Recent Publications:

  1. A. Ohoka and C.A. Sarkar. "Facile display of homomultivalent proteins for in vitro selections." ACS Synthetic Biology, 12:634-638 (2023).
  2. B. Bruncsics, W.J. Errington, and C.A. Sarkar. "MVsim is a toolset for quantifying and designing multivalent interactions." Nature Communications, 13:5029 (2022). Contributed equally. | Link to MVsim
  3. W.J. Errington, B. Bruncsics, and C.A. Sarkar. "Mechanisms of non-canonical binding dynamics in multivalent protein-protein interactions." Proceedings of the National Academy of Sciences USA, 116:25659-25667 (2019). Contributed equally.

Cellular therapeutics and diagnostics

The significant promise of cellular therapeutics that can be reprogrammed to sense and respond to their local environment has led to a proliferation of immunoengineering approaches to combat diseases such as cancer. We are interested in elucidating principles of therapeutic cell proliferation, differentiation, and engagement with target cells to better inform cell designs.

Furthermore, we are developing new classes of bacteria to be used as therapeutics and diagnostics. We have engineered Escherichia coli with the ability to sense and respond to cell-impermeable proteins in their environment. We have also evolved E. coli strains that are more resistant to acid and bile for oral drug delivery applications. In addition to their potential use as therapeutic agents, E. coli biosensors are inexpensive to manufacture and distribute, so they can be used as cheap diagnostics in low-resource settings.

We have also had a longstanding interest in rationally tuning cellular response dynamics. Recent research includes model-guided approaches to quantifying cell identity, understanding cell-fate decisions, and tuning DNA recombination rates for cell engineering.

Recent Publications:

  1. H. Venkatachalapathy, S. Dallon, Z. Yang, S.M. Azarin, C.A. Sarkar, and E. Batchelor. "Pulsed stimuli enable p53 phase resetting to synchronize single cells and modulate cell fate." Molecular Systems Biology, 21:390-412 (2025). Co-corresponding authors.
  2. H. Venkatachalapathy, C. Brzakala, E. Batchelor, S.M. Azarin, and C.A. Sarkar. "Inertial effect of cell state velocity on the quiescence-proliferation fate decision." npj Systems Biology and Applications, 10:111 (2024). Co-corresponding authors.
  3. Q. Zhang, S.M. Azarin, and C.A. Sarkar. "Model-guided engineering of DNA sequences with predictable site-specific recombination rates." Nature Communications, 13:4152 (2022).
  4. N.A. Shah and C.A. Sarkar. "Variable cellular decision-making behavior in a constant synthetic network topology." BMC Bioinformatics, 20:237 (2019).

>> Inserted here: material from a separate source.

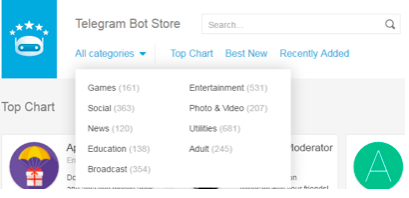 W przypadku komunikatora Telegram oficjalny Bot Store narzędzia developerskie zostały udostępnione w 2015, liczba botów jest więc o wiele większa niż w przypadku Kik czy Facebook Messenger. Obecnie można wybierać z ponad 1.000 chatbotów podzielonych na kategorie, większość z nich nie jest jednak powiązana z żadną marką. Spośród markowych botów można znaleźć m.in. Netflix czy AliExpress.
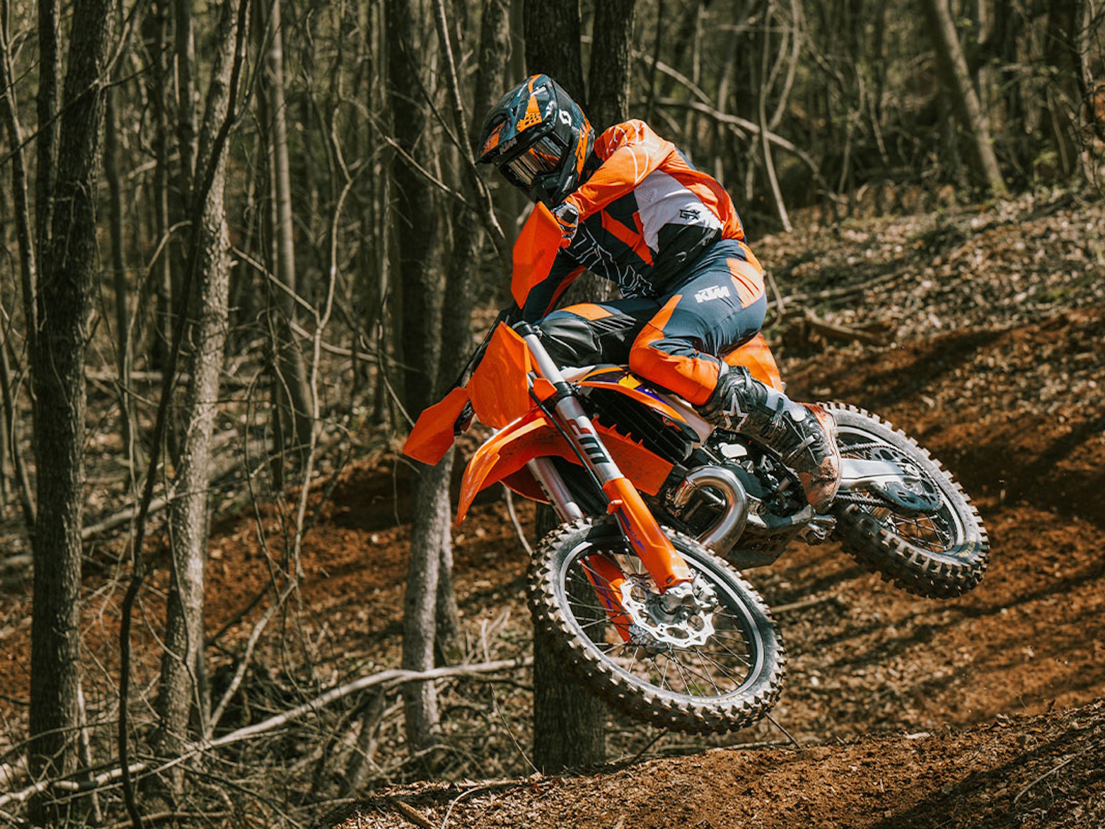 - A 72 mm bore, highly innovative electronic exhaust port management, and a machined finish for accurate port timing means the cylinder on the KTM 300 XC does more than just house the piston. It results in much-improved rideability, engine control, and more adjustability of the engine characteristics, thanks to 2 selectable and distinguished engine maps. Also, it's auto-calibrating, meaning there's no more hassle with wrong power valve adjustments.

Drug delivery across cellular barriers

We are building stem cell-based models of various cellular barriers in the body, including the intestinal epithelium, the blood-brain barrier, and the placenta. We use these in vitro models to study healthy barrier function as well as barrier dysregulation in the context of diseases such as diabetes and Alzheimer’s disease. We are particularly interested in developing new strategies for selective drug delivery across these physiological barriers.

Recent Publications:

  1. K.A. Lemke, C.A. Sarkar, and S.M. Azarin. "Rapid retinoic acid-induced trophoblast cell model from human induced pluripotent stem cells." Scientific Reports, 14:18204 (2024).

Improving food security

With the growing impacts of climate change, food insecurity and malnutrition will have increasingly adverse effects on human health. In parallel with our efforts to engineer therapeutic proteins and cells for human disease applications, we are also elucidating the molecular determinants of pathogen-plant interactions and using protein engineering methodologies to create more durable crops in the face of significant threats to the global food supply.

Recent Publications:

  1. G.C. Markou and C.A. Sarkar. "A cell-free approach to identify binding hotspots in plant immune receptors." Scientific Reports, 12:501 (2022).